As much as he enjoyed playing whatever games with Laramie that would irritate her the most, there remained the issue of his mission-which, even as the most obstinate member of Laramie’s team, he had nonetheless come to believe to hold probable significance.

Having read Laramie’s documents from the terror book, examining the San Cristóbal theme park up close and personal, and seeing that fucking Pentagon memo…hell, even before dropping from the MU-2B, Cooper concluded that the U.S. populace was, in fact, up to its ears in some very deep shit. And were the U.S.-government-employed snuffer-outers who’d taken out the likes of Cap’n Roy also ultimately responsible for putting their own nation’s populace in the deep shit in which it currently found itself? Probably-make that definitively yes.

But it didn’t matter now-when it came to the suicide-filo threat, too many somewhat innocent lives were at stake. Which Laramie had been trying to point out to you during her huff at Paddy Murphy’s lively Irish pub.

Possessed of too much firsthand experience staring at the ass end of U.S. foreign policy, Cooper couldn’t discount the danger of the products the Guatemala research lab might well have turned out-meaning that whoever had been culpable to begin with, even if they were trying to silence that culpability now, the fact remained that if Márquez had got his hands on the filo that fucking lab had pumped out, and was now planning on using it in a wholesale bomb-dispersal scheme, then somebody had to stop him.

And why wouldn’t the bastard stepchild of the government that had empowered Márquez to begin with be the right man for the job?

Yet here you sit, an emissary of the Great Developer of Weapons and Hate, sent to dispose of public enemy number one-

And you’ve failed miserably.

In fact, you failed pathetically: all that you’ve managed to do is kill a couple of twenty-year-old soldiers and suffer a panic attack.

Flicking on his Maglite, Cooper picked a direction and started carefully down the tunnel. It wasn’t long before he grew comfortable-cozy, even-experiencing that feeling of pulling on an old sock, wrapped around you in a way you’re accustomed to, but not without a hole or two. Like a paroled convict finding solace in the stupidity of returning to the joint.

Apparently one fort’s maze of passageways weren’t much different from another’s-Cooper occasionally wondering whether he’d turned a corner into the same labyrinth of his imprisonment. Ducking down the short tunnels and into rooms, some featuring prison bars, some with decrepit storage racks, it occurred to him that these passages hadn’t been built entirely by Spanish land barons.
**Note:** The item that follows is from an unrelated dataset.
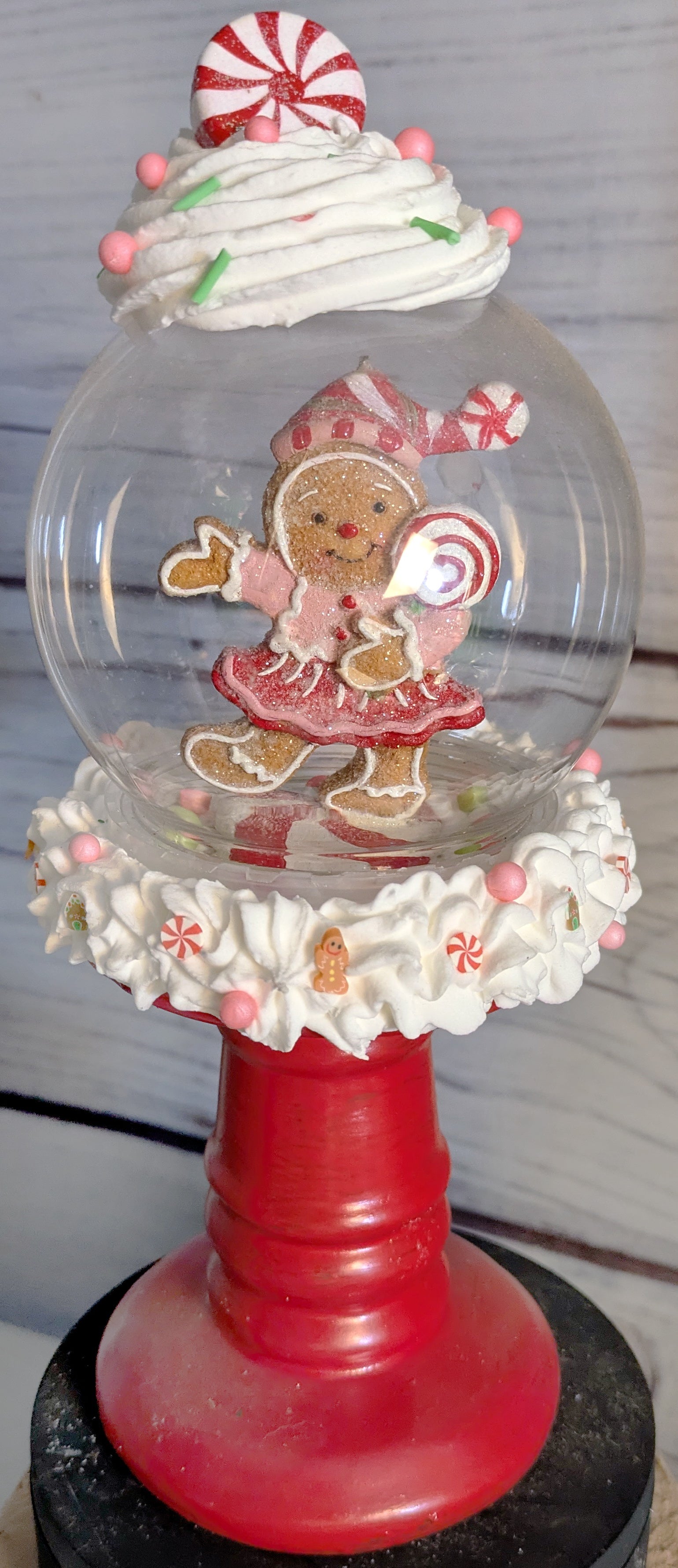Handmade Gingerbread Girl Snowglobe. Fake icing with peppermint, and gingerbread, and pink and green sprinkles Display only. Approx. 10 1/2 inches by 4 1/4inches wide.

No historian I, he thought, but some of these are older.

He decided the more likely scenario would have seen the conquistadors discovering the subterranean tunnel work, razing whatever the natives had put atop it, then constructing palatial forts in which to hunker down while the pillaging continued apace.

He thought for a moment of Ernesto Borrego, a thought that made him curious how deeply Márquez’s contractors had explored the meandering rabbit runs he was caught in now, and whether there might be any number of buried chambers loaded with some good old-fashioned antiquities the Polar Bear wouldn’t mind snatching.

If so, maybe a new wave of violence would follow that stash wherever it headed too.

Márquez’s mansion, it seemed, was positioned at one end of a vast network of passages and rooms. Cooper spent a few hours poking around, and had almost convinced himself he’d seen all there was to see when he encountered something odd.

He’d made a few mistakes, been through the same tunnels a few times, but the door he now stood before was a new door. Not just a new sight for him on his exploration of the tunnels, but literally new-of recent construction, assembled with materials mimicking the authentic style of the arched, shoulder-high doorways that came with the place, but lacking rot and rust.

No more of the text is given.